3. A method according to claim 1 or 2, in which one or more aliquots of the suspension are passed through a particle counter before the suspension is agitated to obtain a first count of the number of small particles and subsequently one or more other aliquots of the suspension are passed through a particle counter after agitation to obtain a second count of the number of small particles in the sample.

4. A method according to any preceding claim, in which the cell suspension is isotonic.

5. A method according to any preceding claim, in which small particles having a volume of at least 7 femtolitres are detected to obtain a count of the number of small particles in the suspension.

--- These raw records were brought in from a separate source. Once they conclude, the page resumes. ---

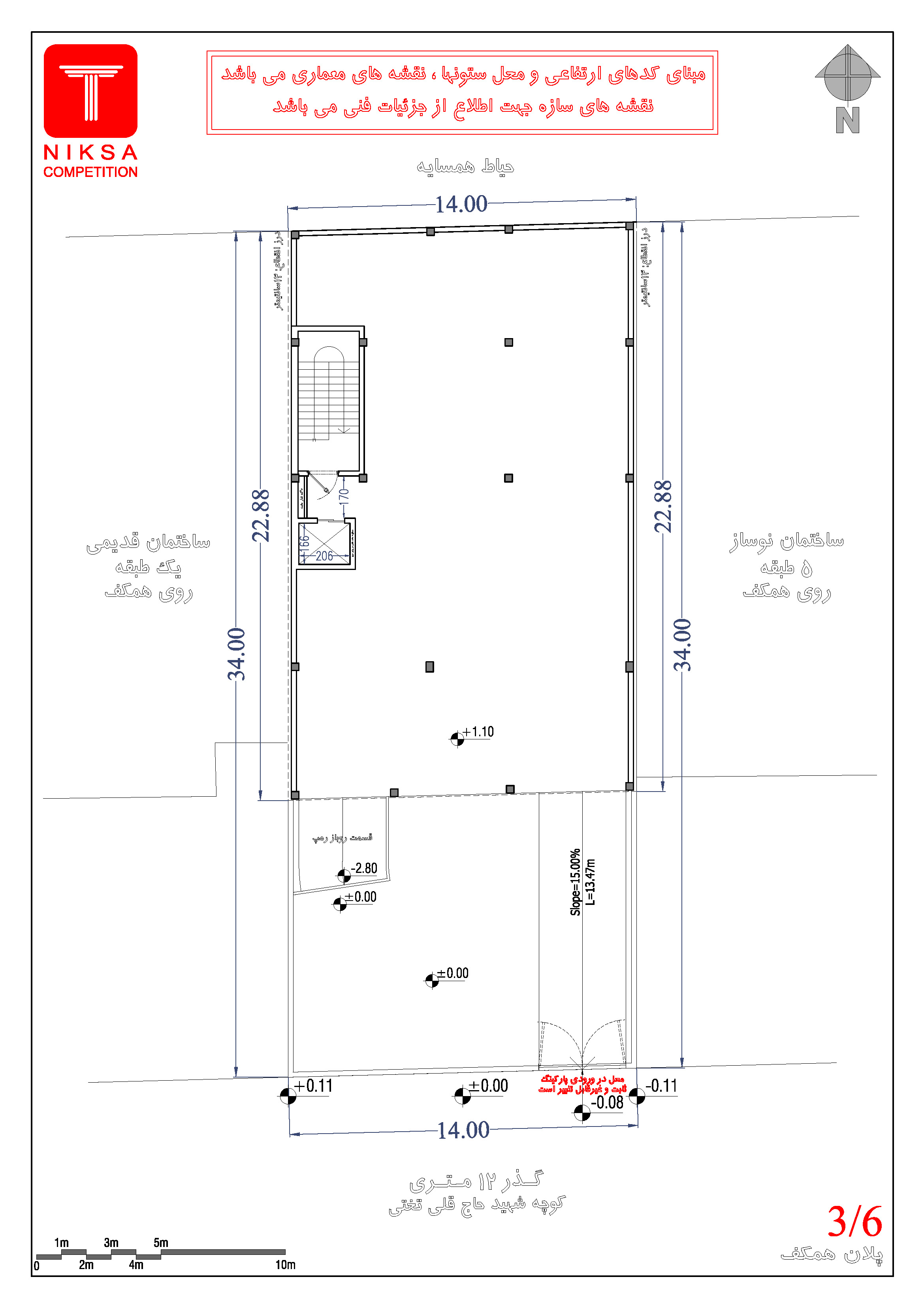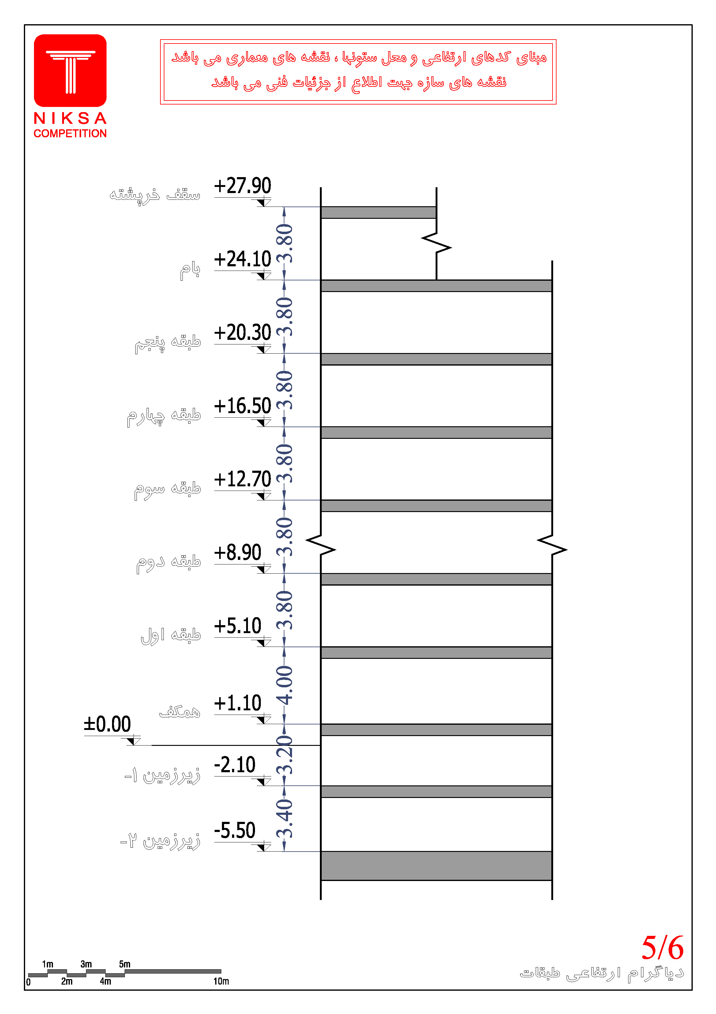 • مبنای کدهای ارتفاعی و محل ستونها، نقشههای معماری میباشد. نقشههای سازه جهت اطلاع از جزئیات فنی میباشد.
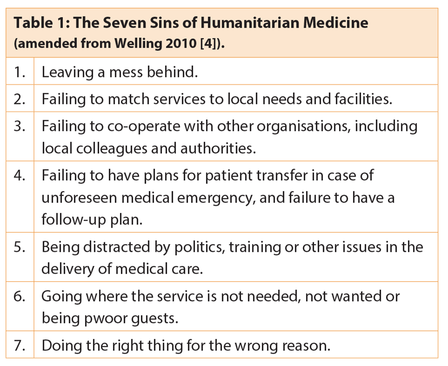 There are multiple definitions of ‘success’ and ‘failure’ depending on the criteria, and the perspective of the assessor - be it organisation or individual. In 2010 Welling grouped the major reasons for failure at an organisational level in humanitarian medicine under the banner ‘The Seven Sins’ (Table 1) [4]. On the whole these represent the ‘lingering bad taste’ that a well-intended team can leave with the host, representing a mis-alignment between the two.
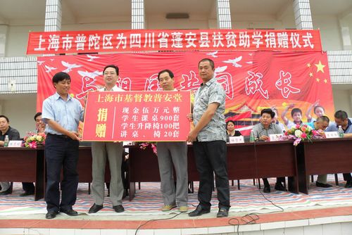 9月7日,上海市普陀区基督教普安堂集众多基督徒的爱心与奉献,向四川省蓬安县新园乡学校捐赠了900套学生用课桌椅,共计15万元。
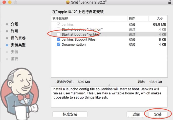 自定义安装,此时应该取消Start at boot as “jenkins”勾选,如下图:

6. A method according to any preceding claim, in which the suspension is subjected to a series of alterations in osmolality and a count of the number of small particles in the suspension obtained at a number of different osmolalities.

7. A method according to any preceding claim, in which at least one of the air quantity in contact with the suspension, the intensity of agitation, and the duration of agitation, is measured.

8. A method of analysing a sample of free cells in vitro comprising the steps of:

applying a known or identifiable quantity of stress to the sample;

measuring the sample before and after the application of stress to provide at least one reading from which quantitative information relating to the number of cell fragments in the sample caused by the applied stress can be determined; and,

relating this reading to the quantity of stress to provide an indication of cell friability.

9. A method according to claim 8, in which the applied stress is at least one of the group consisting of mechanical, chemical, thermal, sonic, light, electric, electromagnetic, and an alteration in osmolality.

10. A method according to claim 8 or 9, in which a range of stresses are applied so as to obtain a plot of the relationship between the number of cell fragments and the applied stress.

11. A method according to claim 8 or 9, in which the sample is subjected to an osmotic gradient.

12. A method according to claim 10 or 11, in which measurements are made at a number of different osmolalities so as to obtain data describing the relationship between the number of cell fragments and the applied stress.

13. A method according to any of claims 8 to 12, in which detection thresholds used to count the number of particles are set sufficiently low to detect cells down to a volume of substantially zero femtolitres.